Since we know we can take a step, we know that we’ll be removing the current program counter from the set of valid addresses. This set must currently contain the present program counter (since otherwise we’d have “failed”), and thus will shrink when we remove it. This, in turn, lets us use the inductive hypothesis: it tells us that no matter the program counter or accumulator, if we start with this new “shrunk” set, we will terminate in some state. Coq’s constructive nature helps us here: it doesn’t just tells us that there is some state in which we terminate - it gives us that state! We use edestruct to get a handle on this final state, which Coq automatically names x. At this time Coq still isn’t convinced that our new set is smaller, so we invoke our earlier set_remove_length theorem to placate it.

We now have all the pieces: we know that we can take a step, removing the current program counter from our current set. We also know that with that newly shrunken set, we’ll terminate in some final state x. Thus, all that’s left to say is to apply our “step” rule. It asks us for three things:

1. That the current program counter is in the set. We’ve long since established this, and auto takes care of that.
2. That a step is possible. We’ve already established this, too, since we’re in the “can take a step” case. We apply Hst, the hypothesis that confirms that we can, indeed, step.
3. That we terminate after this. The x we got from our induction hypothesis came with a proof that running with the “next” program counter and accumulator will result in termination. We apply this proof, automatically named H0 by Coq.

And that’s it! We’ve proved that a program terminates no matter what. This has also (almost!) given us a solution to part 1. Consider the case in which we start with program counter 0, accumulator 0, and the “full” set of allowed program counters. Since our proof works for all configurations, it will also work for this one. Furthermore, since Coq proofs are constructive, this proof will return to us the final program counter and accumulator! This is precisely what we’d need to solve part 1.

But wait, almost? What’s missing? We’re missing a few implementation details:

• We’ve not provided a concrete impelmentation of integers. The simplest thing to do here would be to use Coq.ZArith.BinInt, for which there is a module Z_as_Int that provides t and friends.
• We assumed (reasonably, I would say) that it’s possible to convert a natural number to an integer. If we’re using the aforementioned BinInt module, we can use Z.of_nat.
• We also assumed (still reasonably) that we can try convert an integer back to a finite natural number, failing if it’s too small or too large. There’s no built-in function for this, but Z, for one, distinguishes between the “positive”, “zero”, and “negative” cases, and we have Pos.to_nat for the positive case.
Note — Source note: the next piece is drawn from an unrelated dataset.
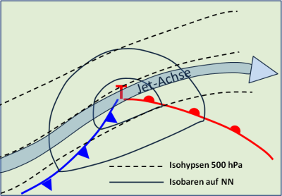 geringer und der ausgeprägte Polarjet an der Luftmassengrenze weist nur

Well, I seem to have covered all the implementation details. Why not just go ahead and solve the problem? I tried, and ran into two issues:

• Although this is “given”, we assumed that our input program will be valid. For us to use the result of our Coq proof, we need to provide it a constructive proof that our program is valid. Creating this proof is tedious in theory, and quite difficult in practice: I’ve run into a strange issue trying to pattern match on finite naturals.
• Even supposing we do have a proof of validity, I’m not certain if it’s possible to actually extract an answer from it. It seems that Coq distinguishes between proofs (things of type Prop) and values (things of type Set). things of types Prop are supposed to be erased. This means that when you convert Coq code, to, say, Haskell, you will see no trace of any Props in that generated code. Unfortunately, this also means we can’t use our proofs to construct values, even though our proof objects do indeed contain them.

So, we “theoretically” have a solution to part 1, down to the algorithm used to compute it and a proof that our algorithm works. In “reality”, though, we can’t actually use this solution to procure an answer. Like we did with day 1, we’ll have to settle for only a proof.

Let’s wrap up for this post. It would be more interesting to devise and formally verify an algorithm for part 2, but this post has already gotten quite long and contains a lot of information. Perhaps I will revisit this at a later time. Thanks for reading!